Task requirements: Please repeat, exactly and without pictures, the lines of the entries below that run from the one containing "AQwzh - Accurate" through the one containing "シュリンクレザー チェーンハンドルポーチ #2 BLACK_ブラック".

Source data:
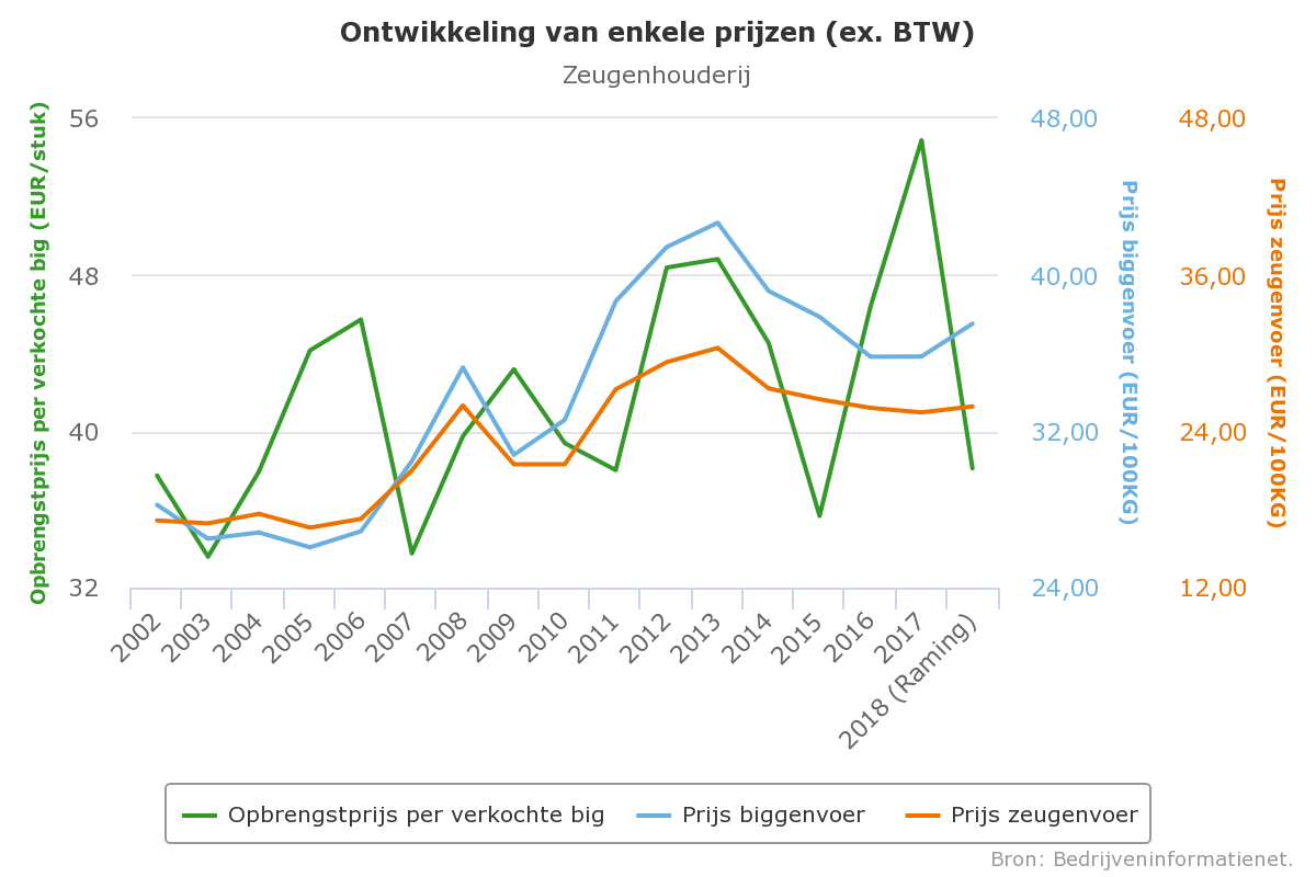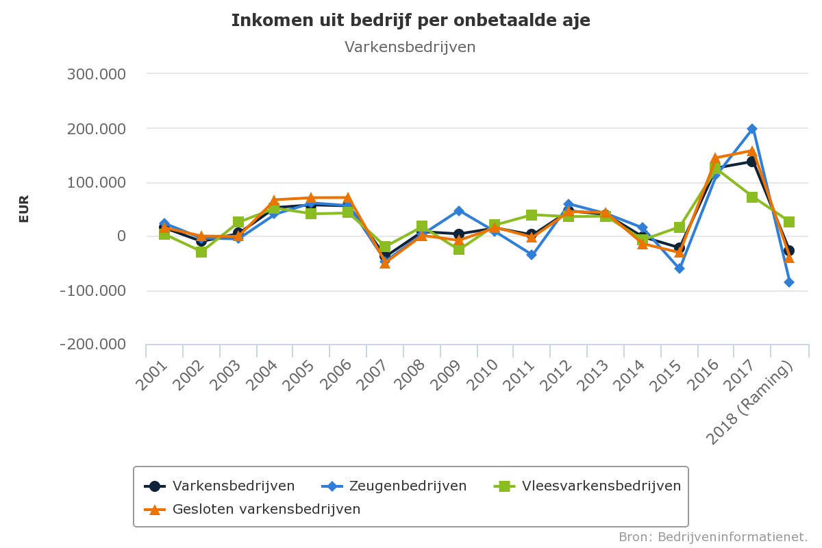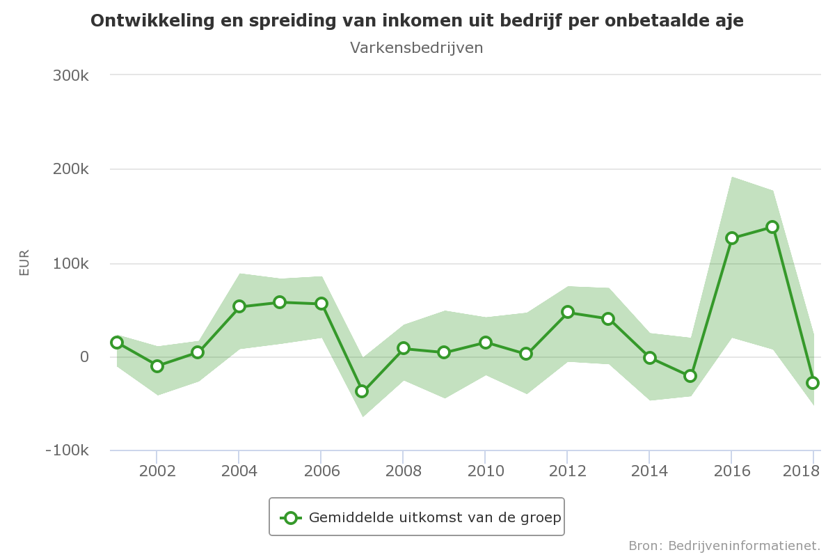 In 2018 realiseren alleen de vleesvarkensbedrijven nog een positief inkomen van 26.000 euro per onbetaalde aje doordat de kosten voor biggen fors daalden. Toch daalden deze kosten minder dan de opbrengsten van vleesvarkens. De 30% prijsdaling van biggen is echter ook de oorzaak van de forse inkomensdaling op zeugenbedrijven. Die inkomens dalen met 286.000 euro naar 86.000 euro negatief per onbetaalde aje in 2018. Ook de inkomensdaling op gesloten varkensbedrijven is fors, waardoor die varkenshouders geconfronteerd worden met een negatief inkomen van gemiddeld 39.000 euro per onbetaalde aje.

* * *

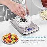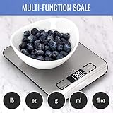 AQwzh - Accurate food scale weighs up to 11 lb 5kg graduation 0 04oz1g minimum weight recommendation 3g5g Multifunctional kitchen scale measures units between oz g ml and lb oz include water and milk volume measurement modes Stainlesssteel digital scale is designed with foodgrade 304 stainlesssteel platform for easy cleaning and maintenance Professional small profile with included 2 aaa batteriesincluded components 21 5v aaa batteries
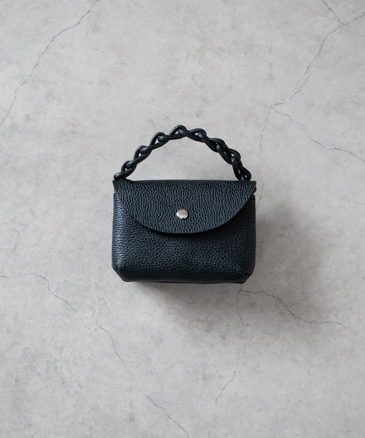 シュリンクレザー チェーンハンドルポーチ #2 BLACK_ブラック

...

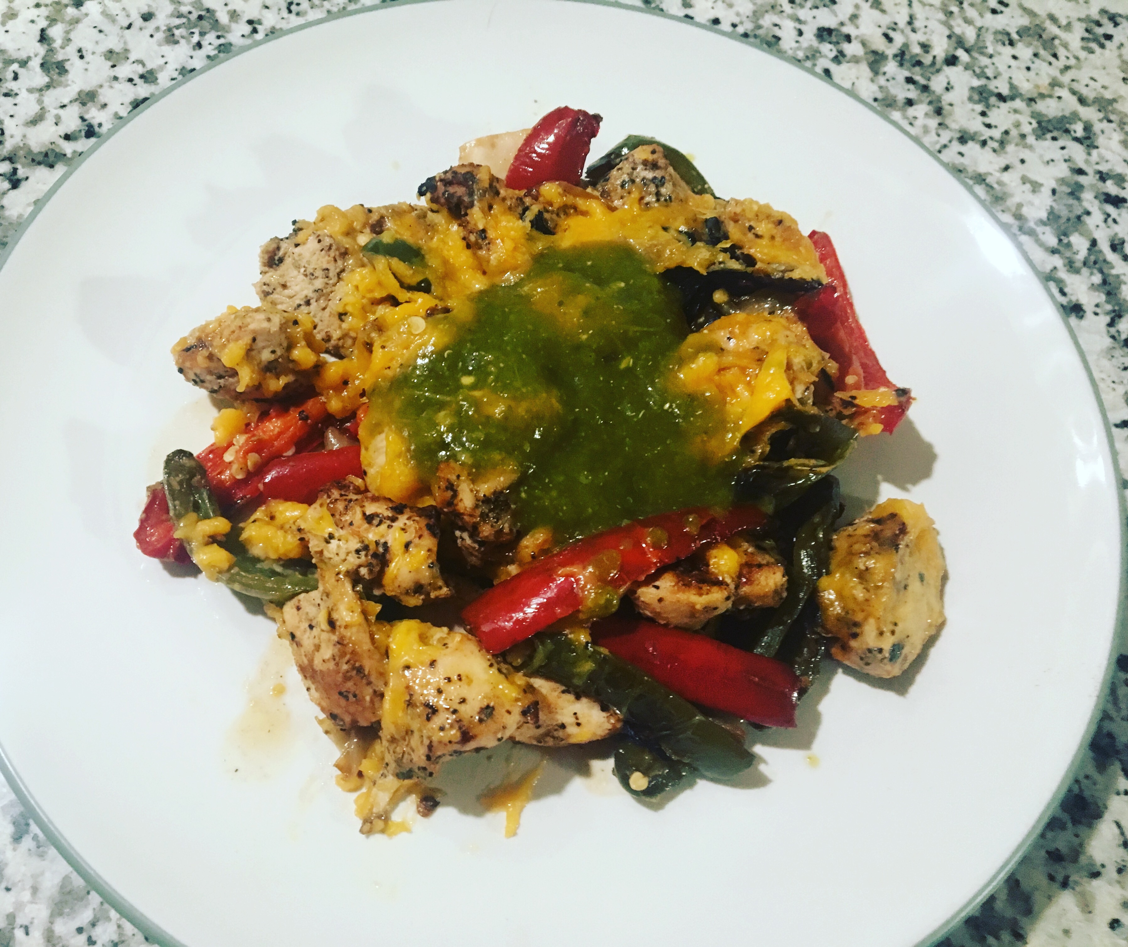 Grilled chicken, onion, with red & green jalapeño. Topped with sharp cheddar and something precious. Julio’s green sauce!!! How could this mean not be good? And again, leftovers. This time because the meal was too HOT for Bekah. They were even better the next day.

Exercise solution:
 AQwzh - Accurate food scale weighs up to 11 lb 5kg graduation 0 04oz1g minimum weight recommendation 3g5g Multifunctional kitchen scale measures units between oz g ml and lb oz include water and milk volume measurement modes Stainlesssteel digital scale is designed with foodgrade 304 stainlesssteel platform for easy cleaning and maintenance Professional small profile with included 2 aaa batteriesincluded components 21 5v aaa batteries
 シュリンクレザー チェーンハンドルポーチ #2 BLACK_ブラック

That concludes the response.